であれば土坡でなく、姿石として舟形に見立てた方がいいかもしれません。舟形なら、例えば大海に浮かぶ大型タンカーのように見えてきませんか。そう見立ててれば、なるほど土坡より舟形の方がしっくりくると賛成いただけそうです。

しかしです。通常舟形の石は、水石という観点からすれば、苫船など海に浮かぶ小舟の形状を表すべきであり、現代の原油や石炭を積載した大型船を連想するのはちょっと筋が違うようです。

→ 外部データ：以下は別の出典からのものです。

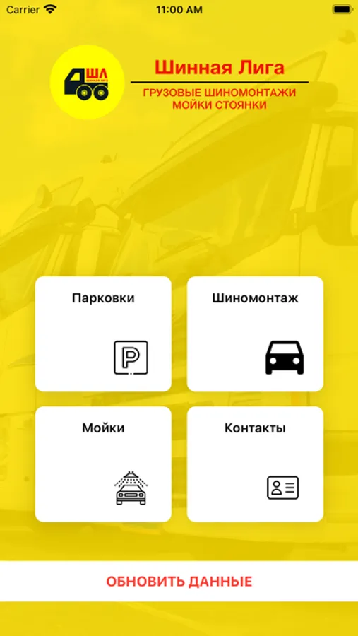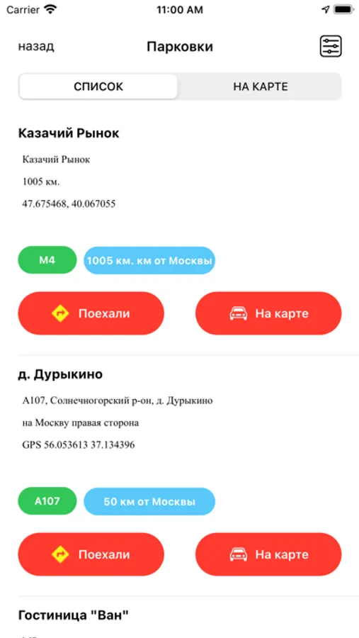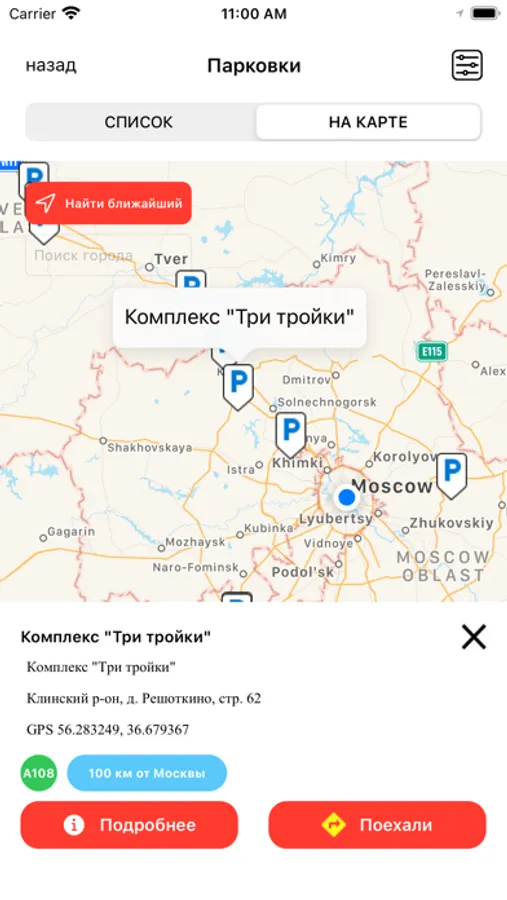 Приложение показывает список парковок, шиномонтажей и моек ШИННОЙ ЛИГИ.

いかがでしょう。ここまで見てきた段石と土坡。いずれも形状は単純で、らしい石を見つけやすそうな気がします。けれども、いざ段石や土坡として見立てようとすると、なかなか一筋縄ではいかない。それどころか、相当に難しい石であるというのがご理解いただけると思います。

土坡については次回以降も続きます。

土坡

土坡
03 /20 2010

土坡

この酒匂川の土坡は硬質で、坡面、底面とも平らで広い一方、山部が小さいのが特徴です。


土坡

同じく酒匂川の土坡ですが、全体にやや厚ぼったい感じで、また山部前面の傾斜がのっぺりしており、味に欠けるところがあります。色が薄いのも難点ですね。

土坡

土坡
03 /14 2010

酒匂川の土坡です。

酒匂川石、土坡

この土坡には二つの惜しい点があります。
まず、坡面の奥側が山部に向かって次第に高くなっていること。
次に、石質がやや軟質で色も緑っぽいものであることです。
山部の形は良好なのに上記の2点がマイナスポイントとなって、その良さを相殺しています。

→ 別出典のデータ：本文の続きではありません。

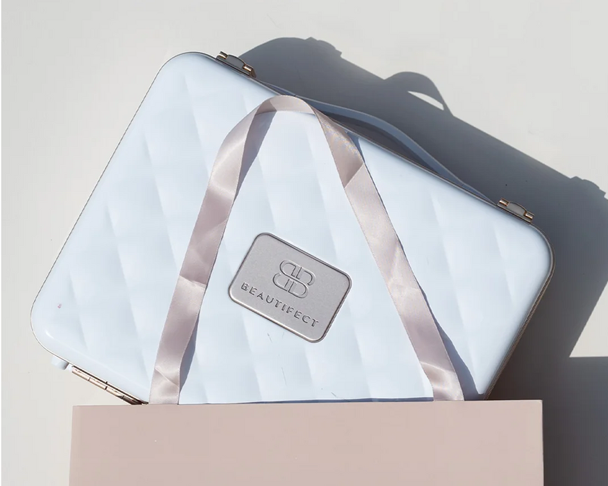 The sleek, USB-C rechargeable design offers ultimate convenience, allowing you to go cordless for up to a month. Its sturdy construction protects your makeup while traveling and is designed to hold what you would fit in a large makeup bag that you would use on a daily basis.

探石の際、ここが欠けていなければとか、ここの形がもう少し良ければとか、もっと青黒く硬質であればいいのにとかいつも思うのですが、残念ながらそうは問屋が卸してくれませんね。

土坡

土坡
03 /12 2010

引き続き酒匂川の土坡です。

土坡

この石は間口16cmですが、まあ小品水石の部類に入ると思います。しかし、小さいながらも優れた点を持っています。
まず石質は相当硬く、色も黒みを帯びた青です。また、通常土坡形は単純なものが多いのですが、この石は小品ながら山部は三つの層が重なり迫力のあるものとなっています。全体的に見ても形がよく整っています。
小品とは言えあなどり難いですね。

私はどちらかと言うと大物狙いなので、小品は見逃す可能性が高くなります。ただこの石は、たまたま気になる石を起こし、結果はペケだったのですが、その近くに転がっていたため手に入れることができました。
普通に歩いていたら間違いなく見逃したでしょう。